Now I want to think of $G$ as an algebraic group scheme. Thus, $G$ is a representable functor from the category of commutative $k$-algebras to the category of groups. Given a commutative $k$-algebra $A$, $G(A) = \textrm{Hom}_{k-alg}(k[G],A)$, where $k[G]$ is the (usual) coordinate ring of $G$. For the example $G=SL_n$, we can be more explicit and say $G(A) = SL_n(A)$.

Since the characteristic of $k$ is positive, the group $G$ comes equipped with its Frobenius morphism $F: G \rightarrow G$. This is induced by a certain map of $k$-algebras $k[G] \rightarrow k[G]$, which, roughly speaking, is just the $p$-th power map $f \mapsto f^p$. In our example $G(A) = SL_n(A)$, the image of a matrix $(a_{ij}) \in SL_n(A)$ under $F$ is the matrix $(a_{ij}^p)$.

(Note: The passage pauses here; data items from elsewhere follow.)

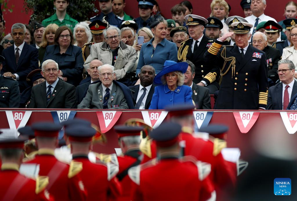 LONDRES, 6 mayo, 2025 (Xinhua) -- Imagen del 5 de mayo de 2025 de una procesión militar llevándose a cabo, en Londres, Reino Unido. Reino Unido realizó procesiones militares y un sobrevuelo de la Real Fuerza Aérea el lunes para conmemorar el 80 aniversario del Día de la Victoria en Europa. (Xinhua/Li Ying)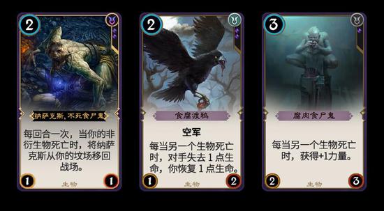 自杀流:传奇卡牌[纳克萨斯-不死食尸鬼]能够无限往返于坟场与战场之间,每回合自杀一次,可与很多黑色卡牌打出配合。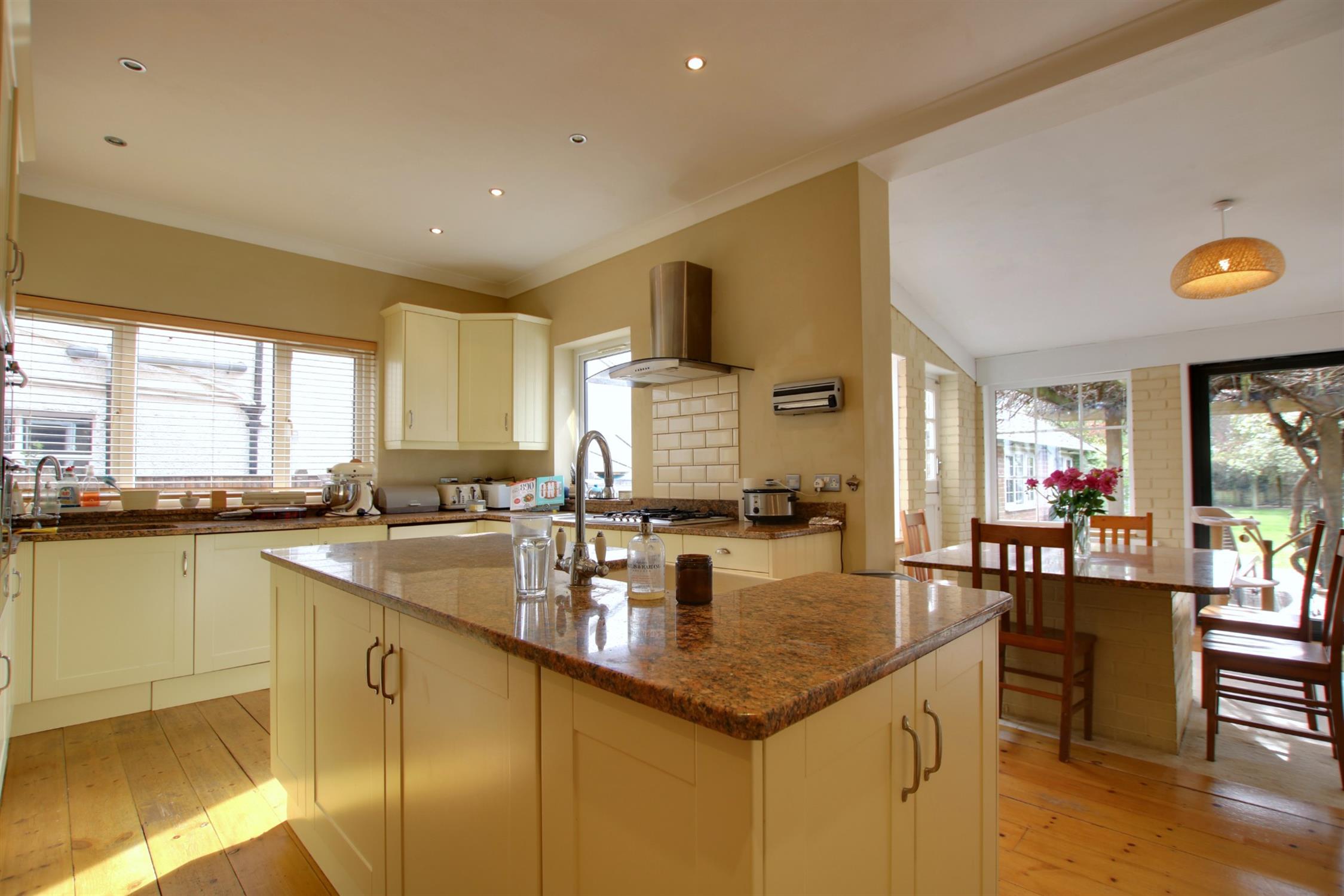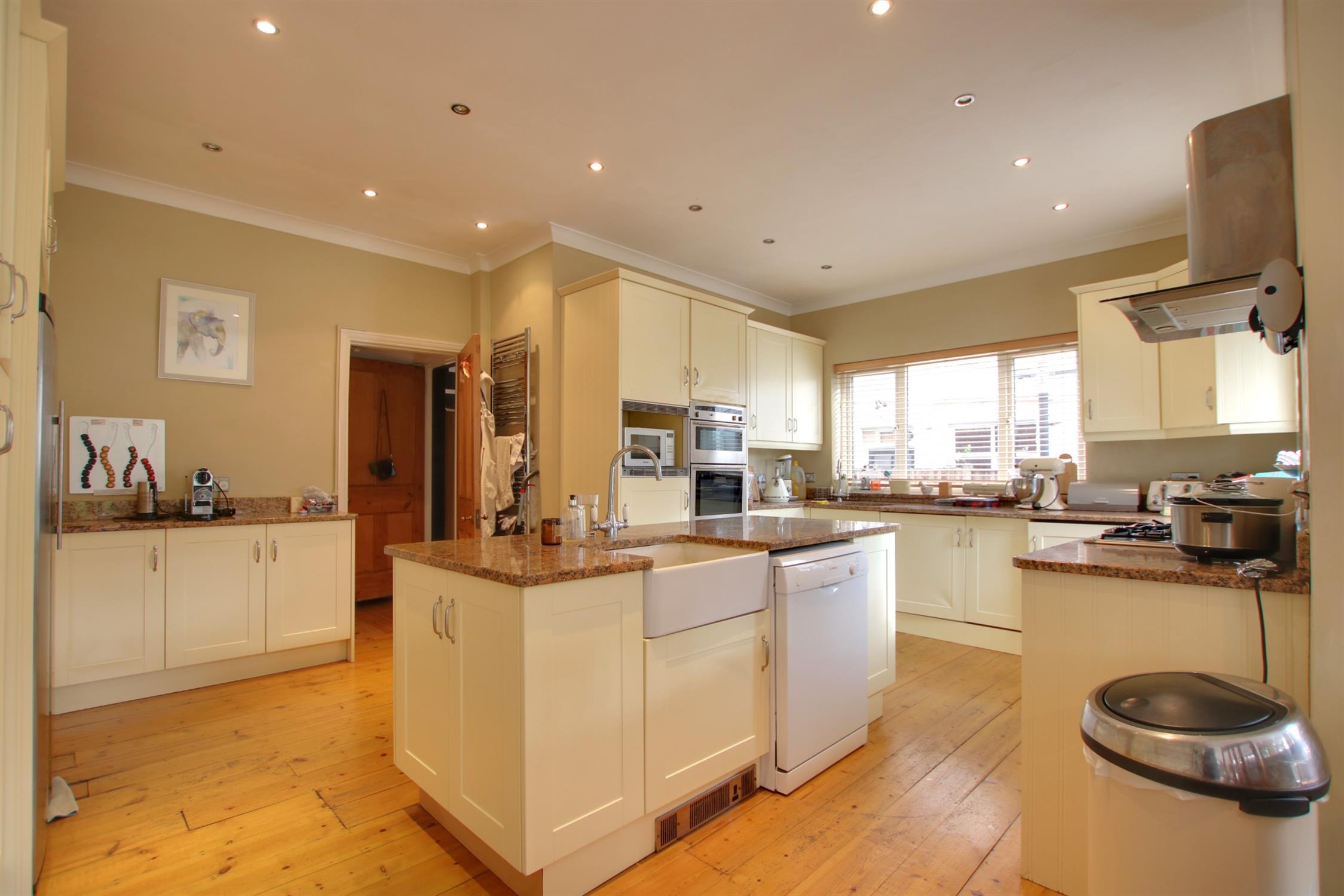 A particularly extensive range of eye and base level units to include a central island feature with under laid sink. Further under laid one and a half bowl sink with mixer tap fittings including granite work surfaces. Integrated washing machine, double oven, gas hob and extractor hood. Suitable space for American style fridge/freezer. Wood flooring. Smooth plastered and coved ceiling with inset spot lights. Floor mounted convector heater. Chrome finish ladder style radiator.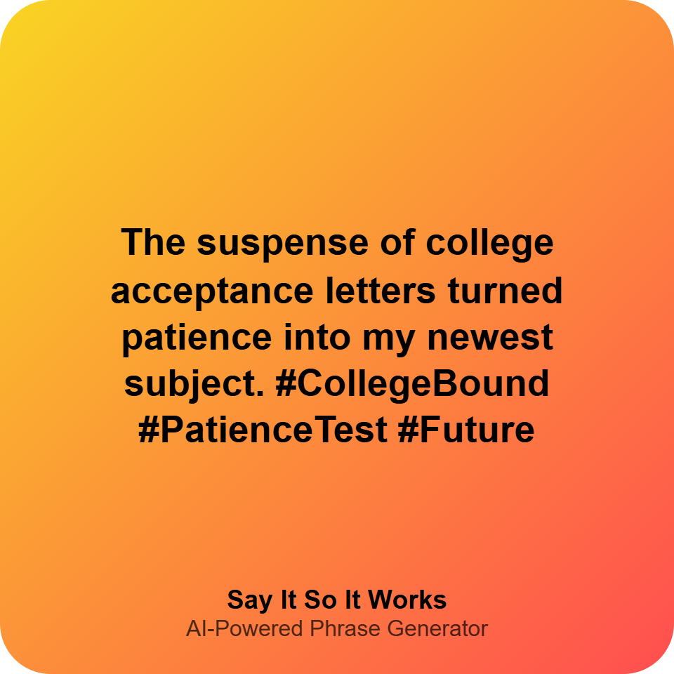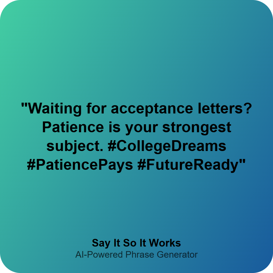 "Waiting for acceptance letters? Patience is your strongest subject. #CollegeDreams #PatiencePays #FutureReady"

We can consider the scheme-theoretic kernel $G_1$ of $F$, and, more generally, the kernel $G_r$ of the $r$-th iterate $F^r$. These are the Frobenius kernels of $G$. They are normal subgroup schemes of $G$. They are not interesting algebraic groups in the classical sense (e.g., if $A=k$, then $(a_{ij}^p)=1$ only if $(a_{ij})=1$ and the kernel is trivial), but they are interesting as algebraic group schemes.

Let $G_r$ be the $r$-th Frobenius kernel of $G$. What is the structure of the character group $X(G_r)$ of algebraic group homomorphisms $G_r \rightarrow \mathbb{G}_m$? If $G$ is semisimple and simply-connected, is $X(G_r)$ trivial?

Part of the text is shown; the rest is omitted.